--- WORK INSTRUCTION ---
Images in the data are to be skipped, while every line is restated exactly as written.

--- GIVEN MATERIAL ---
=== Section Start ===
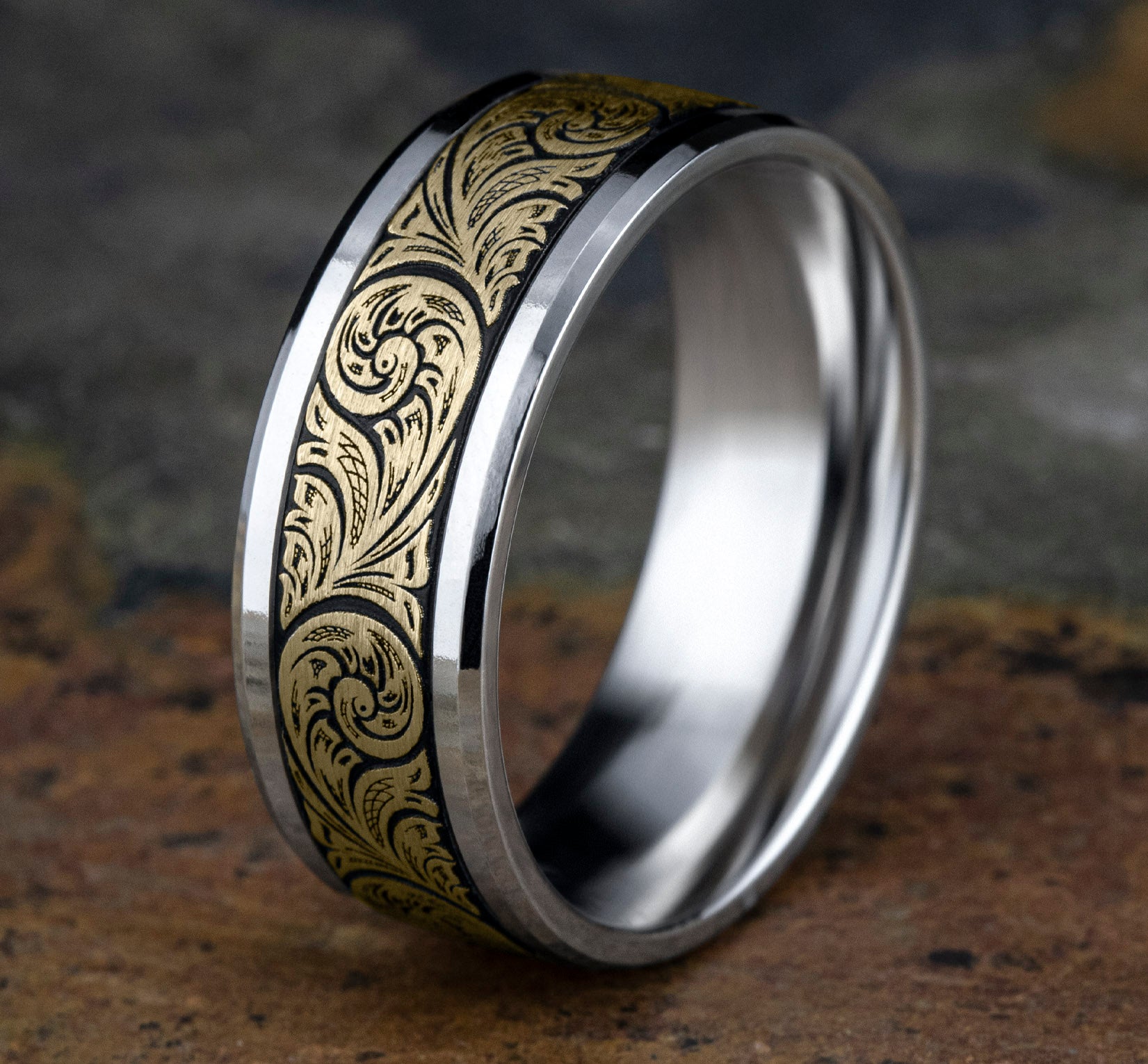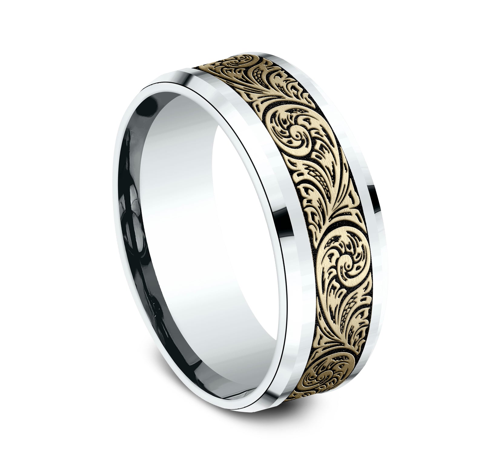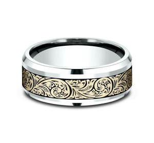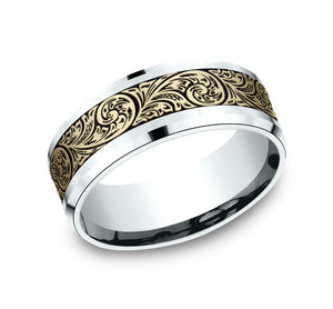 8mm, Comfort fit 14K White and Yellow Gold Vintage floral script patterned center with wear resistant black detailing, polished bevel edges
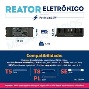 Reator eletrônico margirius para ligar uma lâmpada tubular ultravioleta uvc uva uvb germicida, actínica, grow, luz negra ou branca luz do dia comum fluorescente de 32wOs reatores eletrônicos da margirius são os mais indicados para as lâmpadas ultravioletas germicida, actínica, grow, luz negra ou para lâmpadas comuns de quatro pinos. São de fácil instalação e geram uma economia de 30% em comparação aos reatores eletromagnéticos.Características:Indústria nacional SeguroCompactoModelo ideal para ligar lâmpada ultravioleta germicidaReator eletrônico para acender uma lâmpadaPara lâmpada de 4 pinos fluorescentePartida instantânea30% mais econômico em relação aos modelos eletromagnéticosMaior eficiência e durabilidade para as lâmpadasNão é a prova dágua.Compatibilidade:Modelos de lâmpadas: t5 t8 t10 t12 se plQuantidade de pinos na lâmpada: 4Potência da lâmpada: 28w 30w 32w 36wTipos de lâmpadas:Comum e ultravioletas:Branca luz do diaUva actínica, mata mosca - bl Uvb grow - luz rosa Uvc ultravioleta c - germicida - gl Luz negra efeito neon - black light blue - blb .Especificações:Fabricante: margiriusModelo: pg - 1x32 af3Voltagem: pode ser ligado em 110v ou 220vDimensões: 11 x 3,5 x 4,3cm larg x alt x profundidadePeso: 126gCorrente: 0,29a 127v / 0,17a 220v Potência: 35w 127v / 35w 220v Temperatura máxima de trabalho: 75c.Observações e precauções:A instalação deve ser feita por um profissional especializadoInstalar o reator conforme o esquema de ligação gravado no corpo do produto;Isolar corretamente o fio não utilizadoTrocar a s lâmpada s somente com o reator desligadoNão instalar o reator em ambientes úmidos, sujeito a intempéries ou em locais em que a temperatura ambiente seja inferior a 10ºc ou superior a 45ºc;Não recomendamos aumentar o comprimento dos cabos da s lâmpada s por mais de 2 metros, bem como enrolá-los ou trançá-los entre si ou com outros cabos.Obrigado pela visita e boas comprasAtençãoNossas imagens e textos são registrados e com direito de uso autoral controlado e reservado a essa loja e as lojas parceiras devidamente autorizadas em contrato.
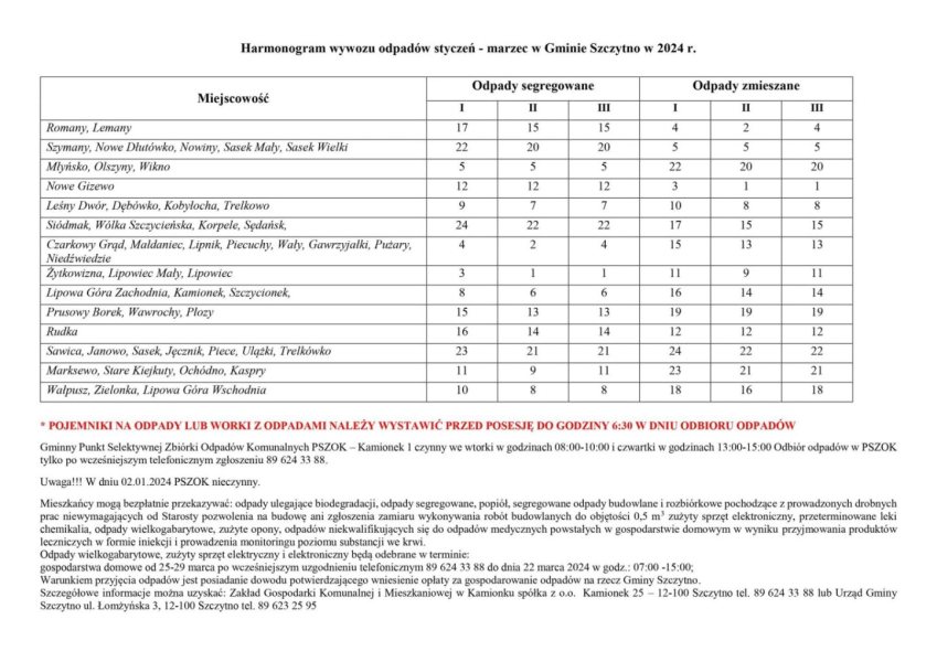 Gmina Szczytno opublikowała waśnie harmonogram odbioru odpadów komunalnych. Na razie opracowany jest on od stycznia do marca 2024 roku. Warto zapoznać się z tym planem.
=== Section End ===
--- RESULT ---
 8mm, Comfort fit 14K White and Yellow Gold Vintage floral script patterned center with wear resistant black detailing, polished bevel edges
 Reator eletrônico margirius para ligar uma lâmpada tubular ultravioleta uvc uva uvb germicida, actínica, grow, luz negra ou branca luz do dia comum fluorescente de 32wOs reatores eletrônicos da margirius são os mais indicados para as lâmpadas ultravioletas germicida, actínica, grow, luz negra ou para lâmpadas comuns de quatro pinos. São de fácil instalação e geram uma economia de 30% em comparação aos reatores eletromagnéticos.Características:Indústria nacional SeguroCompactoModelo ideal para ligar lâmpada ultravioleta germicidaReator eletrônico para acender uma lâmpadaPara lâmpada de 4 pinos fluorescentePartida instantânea30% mais econômico em relação aos modelos eletromagnéticosMaior eficiência e durabilidade para as lâmpadasNão é a prova dágua.Compatibilidade:Modelos de lâmpadas: t5 t8 t10 t12 se plQuantidade de pinos na lâmpada: 4Potência da lâmpada: 28w 30w 32w 36wTipos de lâmpadas:Comum e ultravioletas:Branca luz do diaUva actínica, mata mosca - bl Uvb grow - luz rosa Uvc ultravioleta c - germicida - gl Luz negra efeito neon - black light blue - blb .Especificações:Fabricante: margiriusModelo: pg - 1x32 af3Voltagem: pode ser ligado em 110v ou 220vDimensões: 11 x 3,5 x 4,3cm larg x alt x profundidadePeso: 126gCorrente: 0,29a 127v / 0,17a 220v Potência: 35w 127v / 35w 220v Temperatura máxima de trabalho: 75c.Observações e precauções:A instalação deve ser feita por um profissional especializadoInstalar o reator conforme o esquema de ligação gravado no corpo do produto;Isolar corretamente o fio não utilizadoTrocar a s lâmpada s somente com o reator desligadoNão instalar o reator em ambientes úmidos, sujeito a intempéries ou em locais em que a temperatura ambiente seja inferior a 10ºc ou superior a 45ºc;Não recomendamos aumentar o comprimento dos cabos da s lâmpada s por mais de 2 metros, bem como enrolá-los ou trançá-los entre si ou com outros cabos.Obrigado pela visita e boas comprasAtençãoNossas imagens e textos são registrados e com direito de uso autoral controlado e reservado a essa loja e as lojas parceiras devidamente autorizadas em contrato.
 Gmina Szczytno opublikowała waśnie harmonogram odbioru odpadów komunalnych. Na razie opracowany jest on od stycznia do marca 2024 roku. Warto zapoznać się z tym planem.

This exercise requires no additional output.